Stored dataset items:
○ ○ ○ ○ ○ ○ ○

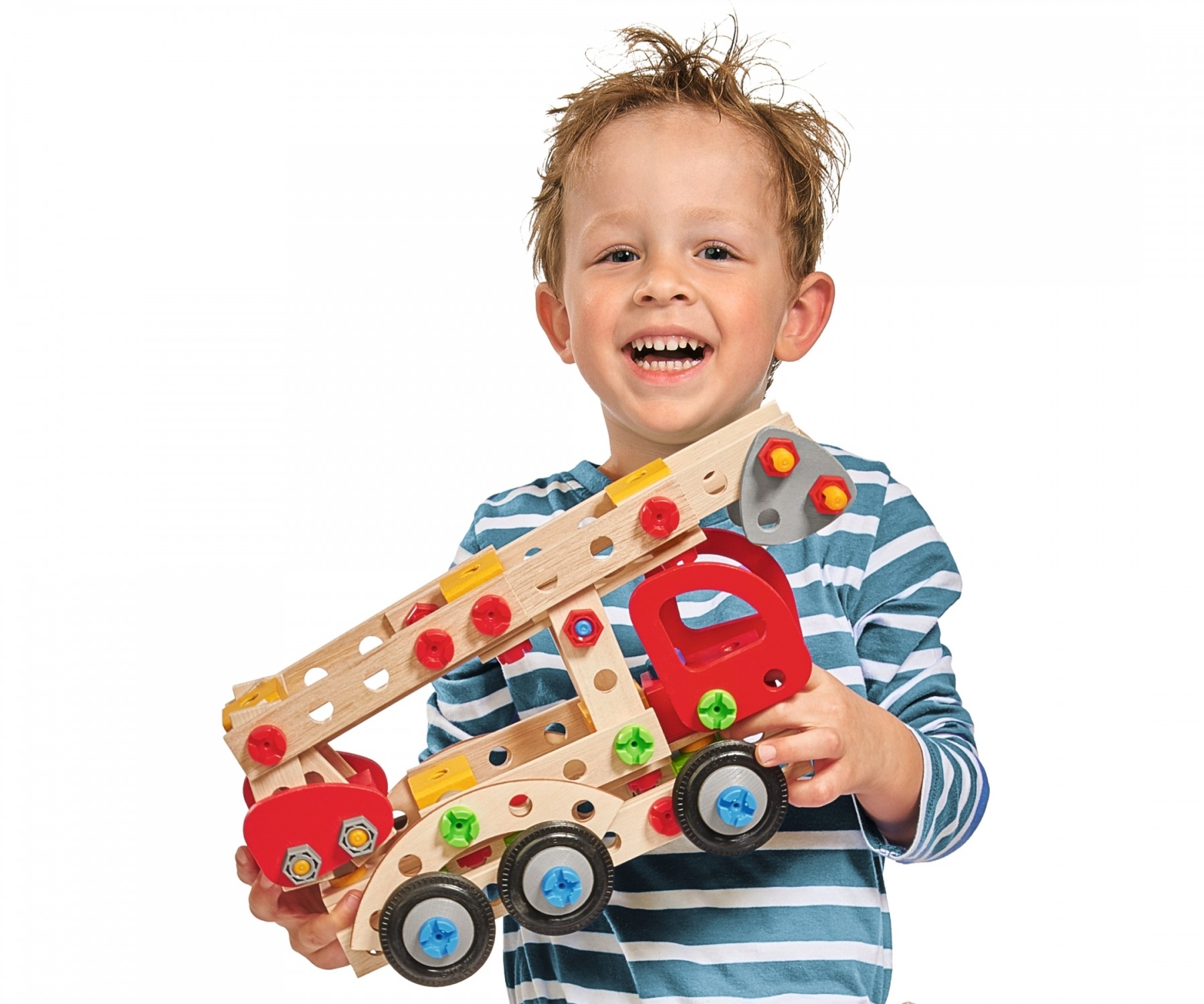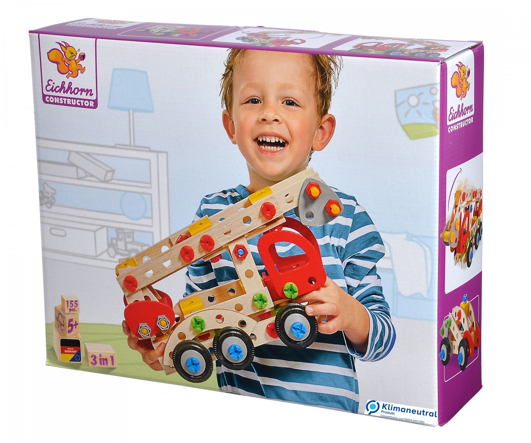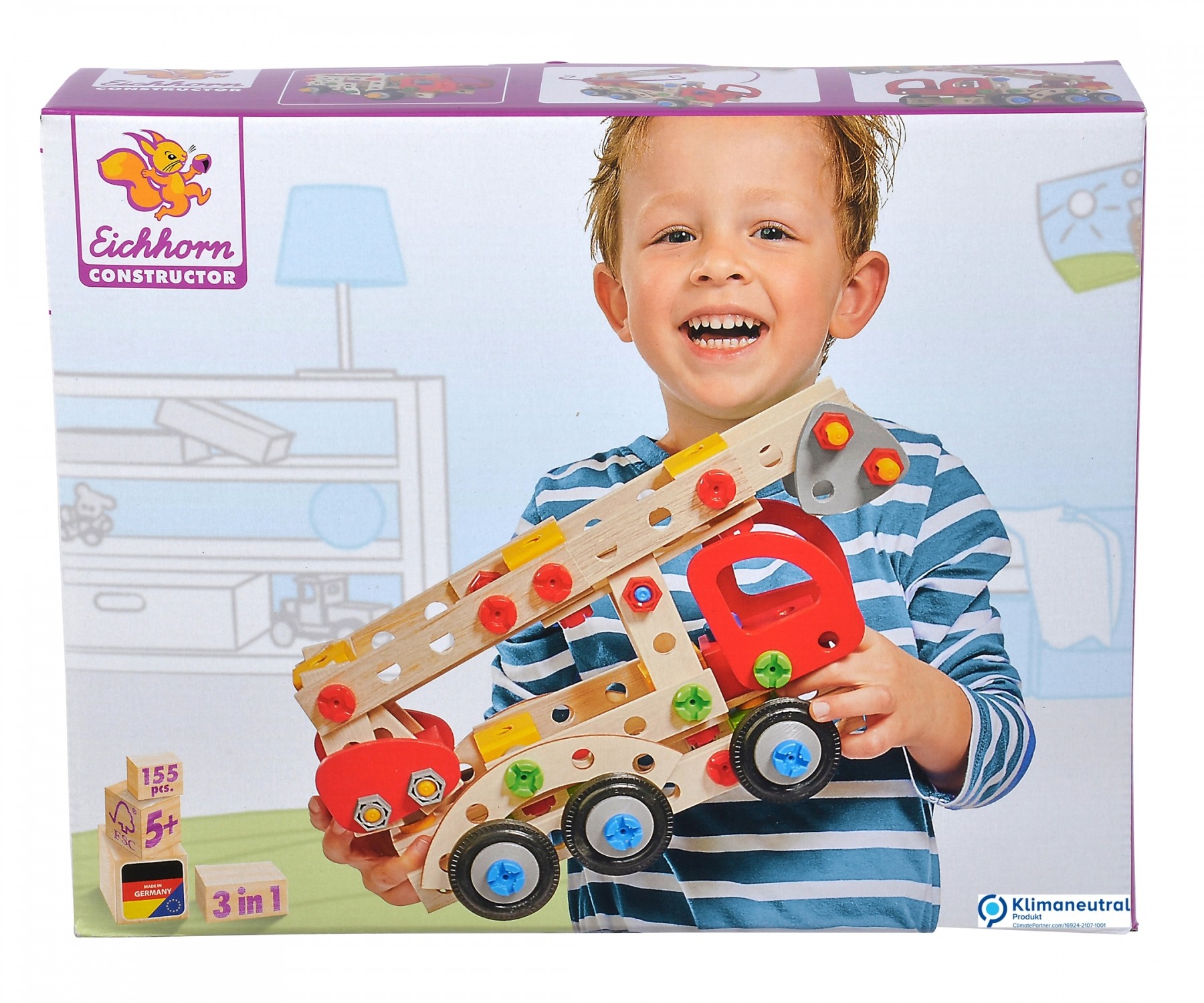 Eichhorn Constructor Feuerwehrauto: Baue dir aus dem 155-teiligen Eichhorn Constructor Set ein tolles Modell. Mit Hilfe der mitgelieferten Werkzeuge, der Anleitung und den Schrauben werden die 155 Holzteile und Verbindungselemente miteinander fixiert und das M...
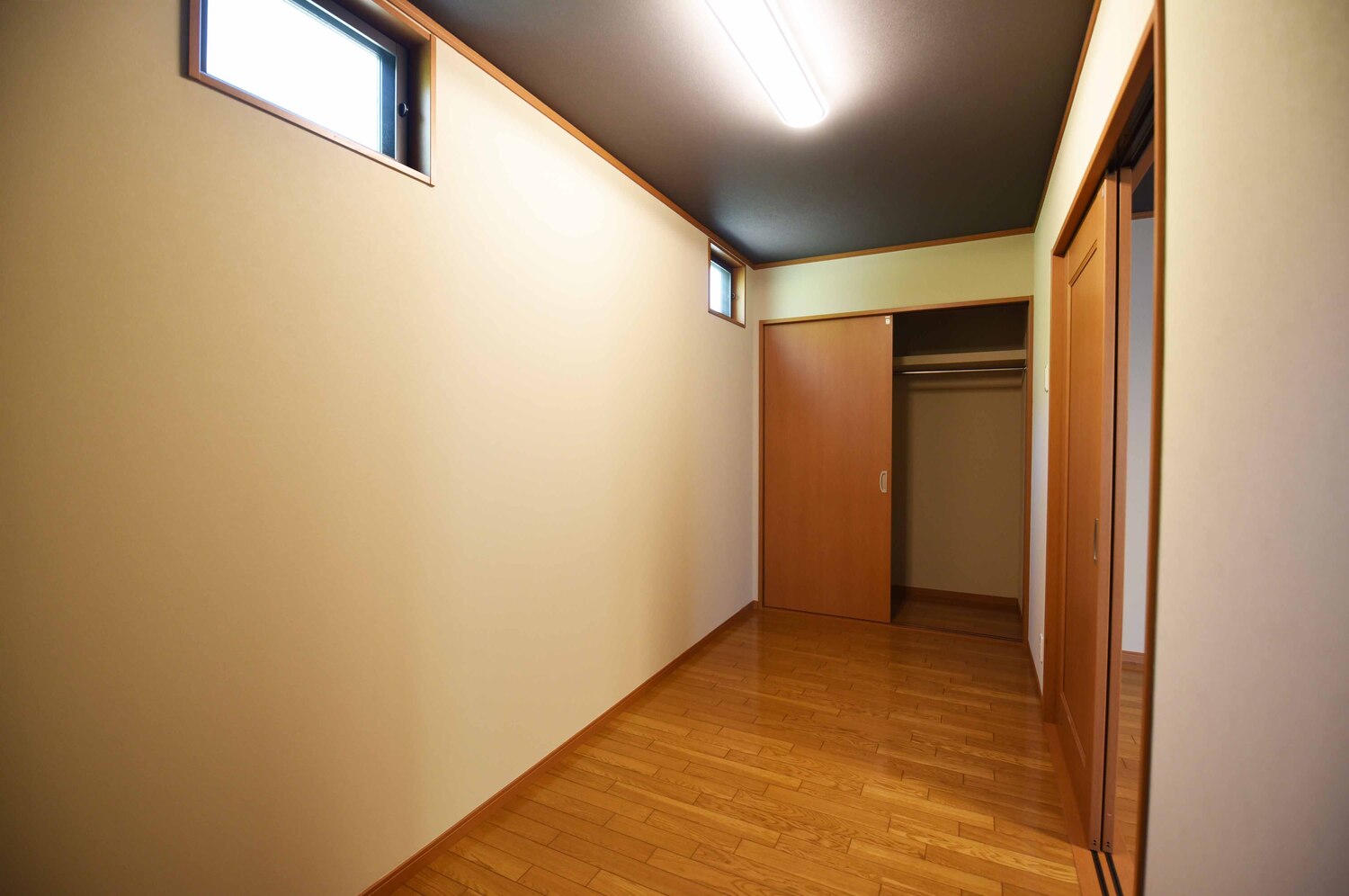 リビングにはクローゼットも完備。ダイニング部分との開口にアコーディオンドアなどを付ければ間仕切りすることも可能だ。
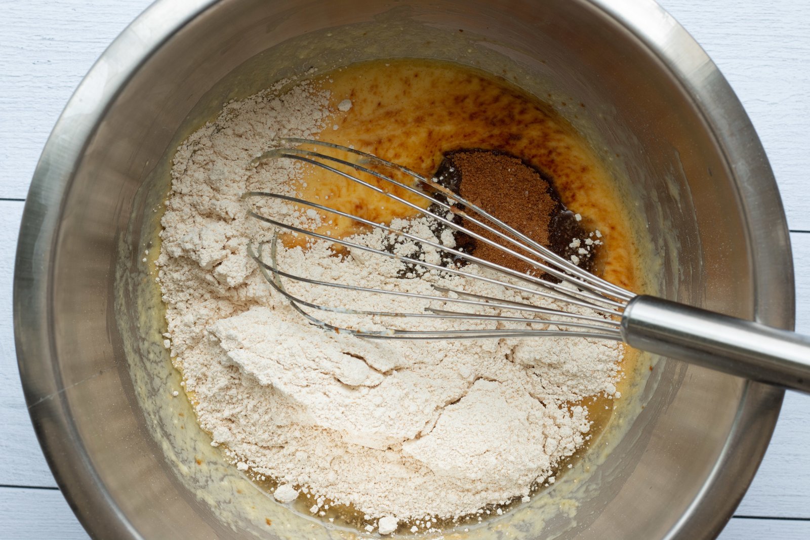 - Versez un pot de yaourt, mélangez avec les oeufs puis ajoutez tous les autres ingrédients (farine, huile, sucre de coco, bicarbonate). Mélangez au fouet l’ensemble. N’oubliez pas de parfumer votre gâteau. Pour ma part, j’ai mis quelques gouttes de vanille liquide et peu de fève tonka fraichement râpée.
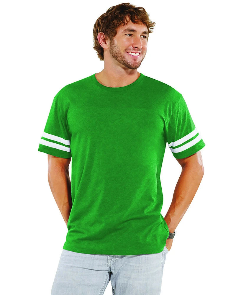 Whether you’re on the field, working out at the gym, or hanging out with friends, you’ll love your Vintage Football T-Shirt by L.A.T. Apparel. Made from 60% combed ringspun cotton and 40% polyester (Black/White and White/Black are 100% combed ringspun cotton), it provides superior comfort and a stylish, vintage look so you’ll appear casual and fashionable at the same time. Additional features you’ll enjoy include 30 singles for extreme softness, taped shoulder-to-shoulder with EasyTear™ label, two white stripes on sleeves, front yoke, and double-needle hem sleeves and bottom. This t-shirt comes in nine bold colours, each with two white stripes. Available in sizes S to 3XL. This model is perfect for creating custom baseball and softball tees for your team thanks to its superior screen printing quality.
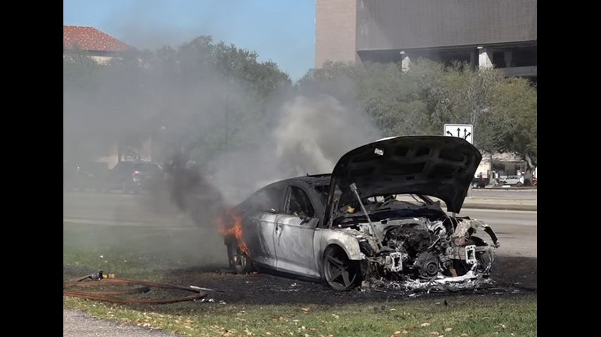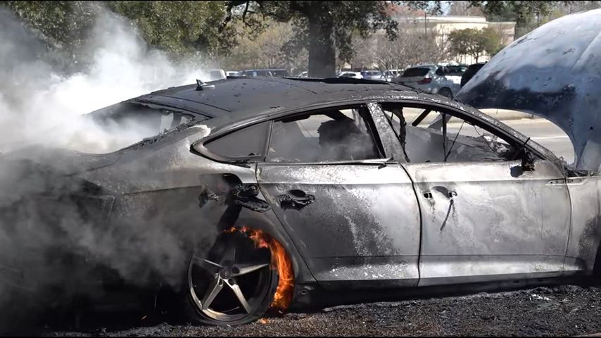 Video showed the formerly-white car had been charred and one of the back wheels still was on fire. Door handles were melted.
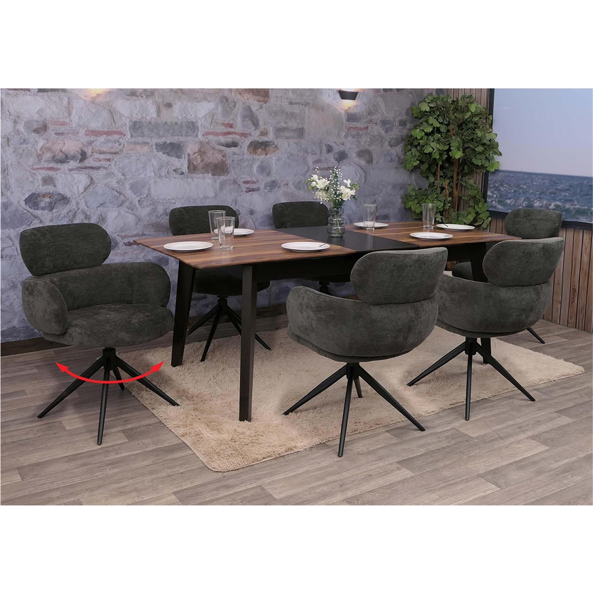 Se trata de una silla fabricada con materiales de calidad. Los reposabrazos cómodamente acolchados y los bordes delicadamente redondeados ofrecen un factor adicional de comodidad, creando un diseño armonioso que se integra con estilo en cualquier ambiente. Este práctico modelo es, además, giratorio 360º por lo que es una opción muy versátil y se puede usar incluso como sillas de escritorio.
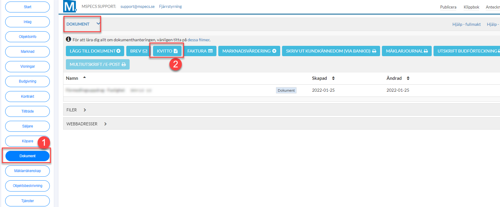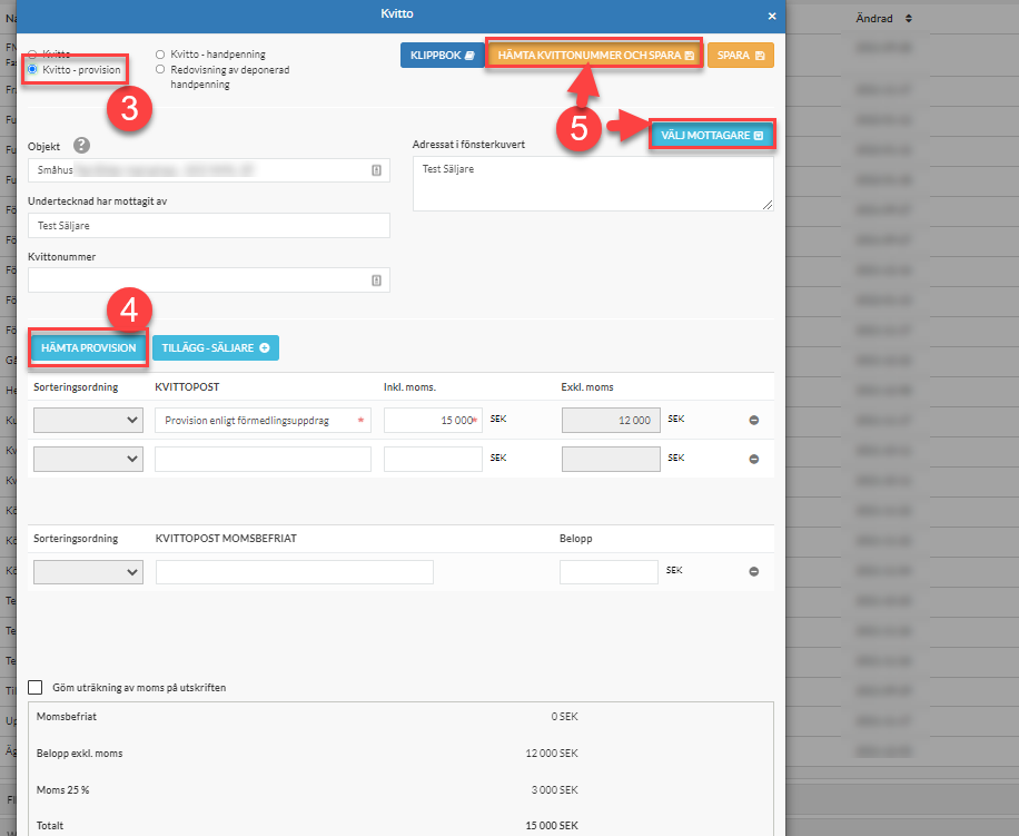 - Välj sedan mottagare, i det här fallet säljaren. Hämta även kvittonummer högst upp i högra hörnet och sedan spara.
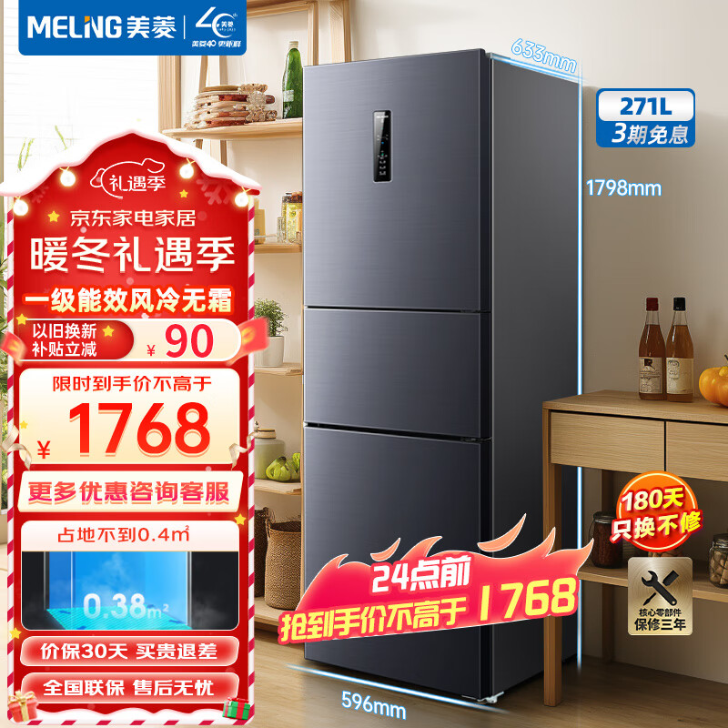 美菱(MeiLing)【离子净】271升三门小冰箱超薄嵌入一级能效变频小型家用大冷冻风冷无霜宿舍租房不串味迷你冰箱 浅灰色 荣耀灰价格:1868.00元!
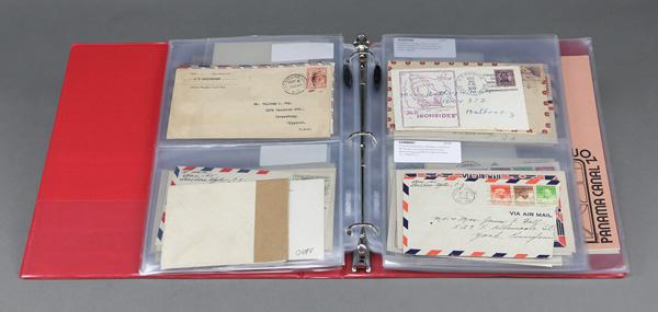 Canal Zone, 75 Years of Change, 1904-79, about 70 items in a loose leaf binder to and from the Canal Zone; #2 on cover from Ancon to Ferncinder, #42-45 on Panama Canal Official envelope Registered and sent to the Police Department in Ancon, 1930 Postmaster in Cristobal to Venezuela on First Flight via Pan American Airways, 1939 Crosby photo cachet on Airmail cover from Balboa Heights to Randolph Field in Texas, #16b on 1907 postcard to Wyncote PA, pair of First Flight envelopes carried by Charles Lindbergh, censor tape on WWII Airmail from Balbo to Manchester England, and more, Fine to Very Fine. Shipping charges apply - weight 2.6 lbs. (Video for this lot) (Image)
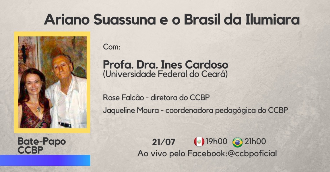#BATE-PAPO CCBP apresenta "Ariano Suassuana e o Brasil da Ilumiara" , com Profa. Dra. Ines Cardoso (Universidade Federal do Ceará), Rose Falcão - diretora do CCBP, e Jaqueline Soares - coordenadora pedagógica do CCBP.

○ ○ ○ ○ ○ ○ ○

■ **Exercise requirements**
Please output exactly the lines of the data above, from its first line through the line with "- Versez un", and nothing else; drop the pictures.

■ **Solution for this problem**
 Eichhorn Constructor Feuerwehrauto: Baue dir aus dem 155-teiligen Eichhorn Constructor Set ein tolles Modell. Mit Hilfe der mitgelieferten Werkzeuge, der Anleitung und den Schrauben werden die 155 Holzteile und Verbindungselemente miteinander fixiert und das M...
 リビングにはクローゼットも完備。ダイニング部分との開口にアコーディオンドアなどを付ければ間仕切りすることも可能だ。
 - Versez un pot de yaourt, mélangez avec les oeufs puis ajoutez tous les autres ingrédients (farine, huile, sucre de coco, bicarbonate). Mélangez au fouet l’ensemble. N’oubliez pas de parfumer votre gâteau. Pour ma part, j’ai mis quelques gouttes de vanille liquide et peu de fève tonka fraichement râpée.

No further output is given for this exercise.